Lived Experience Should Inform How Dollars are Spent

My time at Our Turn segued into my current role at The Mind Trust. I joined this organization because our work and our staff are centered on one thing: educational justice. As our Senior Director of Corporate & Individual Giving, I’m not on the frontlines of education equity in the same way anymore. But I do not think it is hyperbole to say that in the nonprofit world, fundraising is the lifeblood of our programming. It’s about much more than just a dollar amount raised. It’s about who gets input into the way those dollars are spent. 

Edgar Villanueva’s book Decolonizing Wealth has been a great learning tool for me. His book denounces the hierarchical structures that continue to be perpetuated within the philanthropic community and calls for foundations to cede control in decision-making to the people most affected by those decisions. If there’s anything that I’ve learned in my career, it’s that lived experience is a necessary input for informing how dollars should be directed to solve problems. 

A big theme of Villaneuva’s book is that people of color ought to have an equitable role in how philanthropy is distributed in our country and around the world. Too often, solutions are dreamed up and carried out with zero input from the people those solutions were designed to support. Why not directly ask those most impacted by an issue how they want things to be solved? I believe that’s a recipe for transformational change and it’s the default mode of operation for The Mind Trust. 

Pursuing Education Justice

I’m now a father to two boys and am fortunate to be in a position where my wife and I can offer them all the support they need as they grow up. At the same time, I am driven by the stories of the many children in our city who don’t yet have the resources or support they need to succeed because society or education or any number of unfair systems is holding them back. 

Where you are born or the color of your skin should not be the deciding factor for the education you receive. Education justice is about recognizing and undoing past harms while advancing our society toward a day where education is viewed as a fundamental right.

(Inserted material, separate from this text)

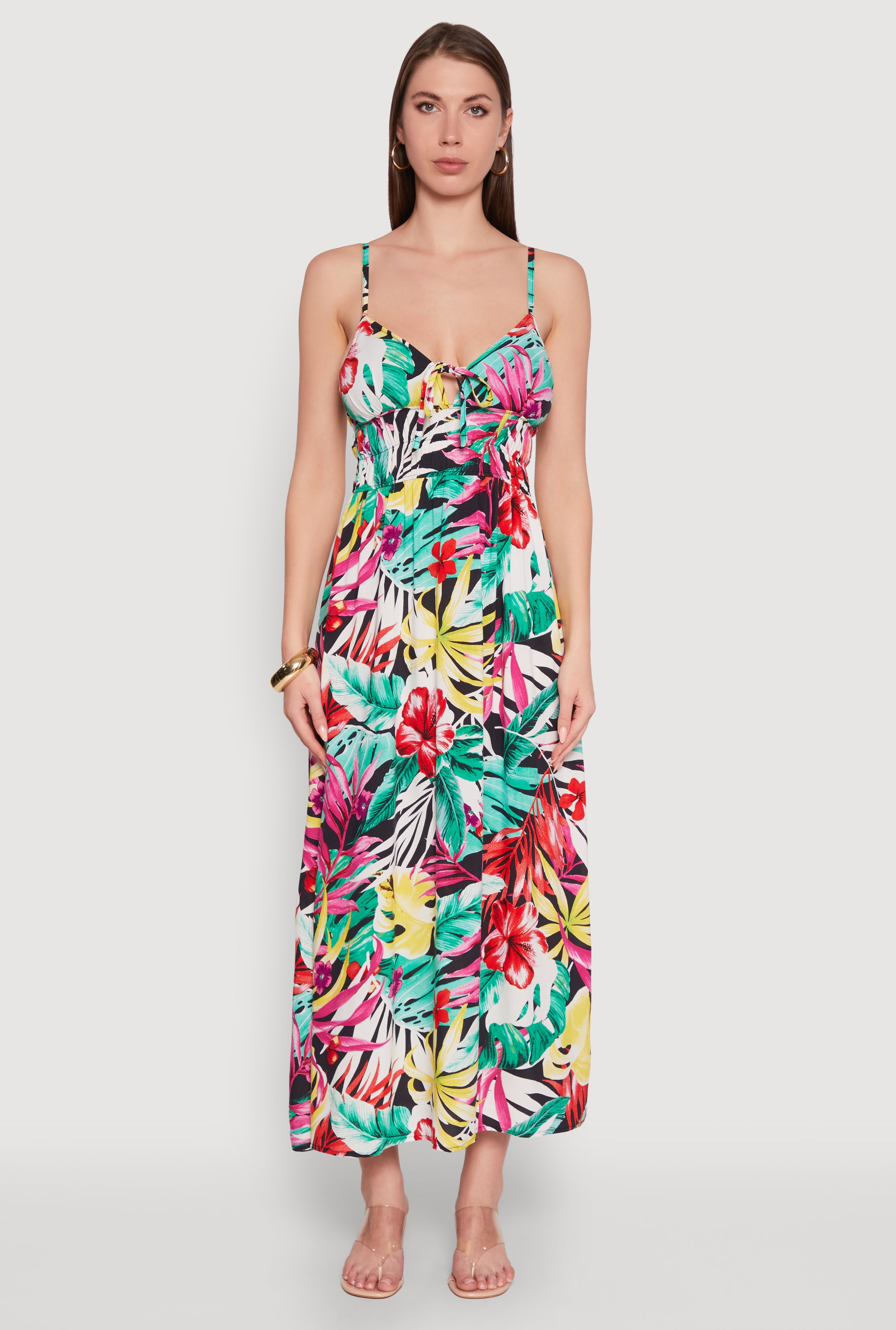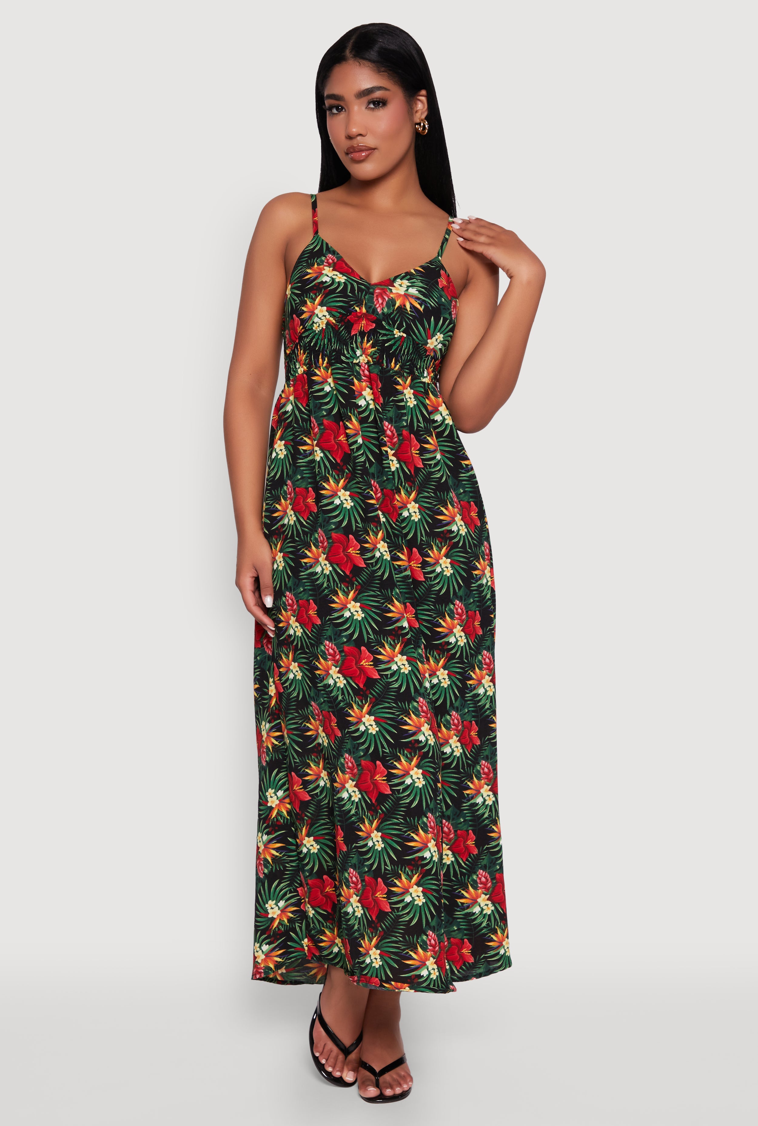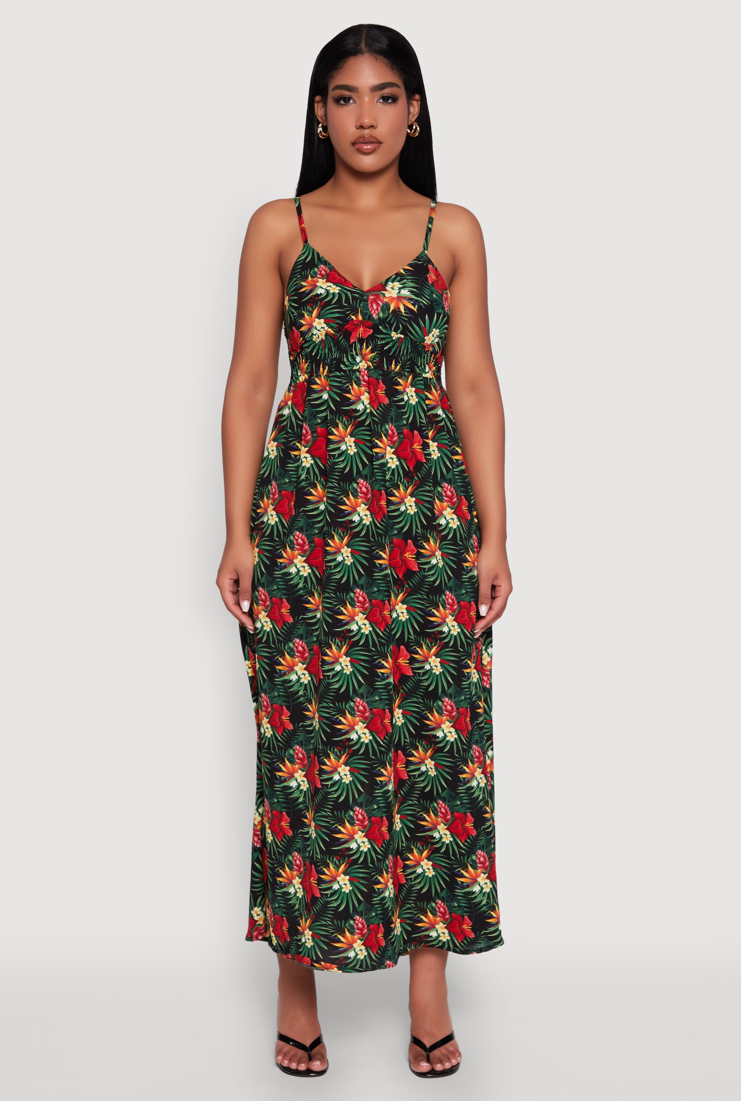 Floral Tropical Print Sleeveless Sundress with V Neck

Where you are born or the color of your skin should not be the deciding factor for the education you receive.

Jeremy Smith

That’s part of why I am so passionate about the work we do at The Mind Trust. We are doing everything possible to ensure the educational inequities of the present do not continue into the future. That’s what equity is all about. But for me, it’s not just equity. It’s justice. It is making right what for so long has been wrong.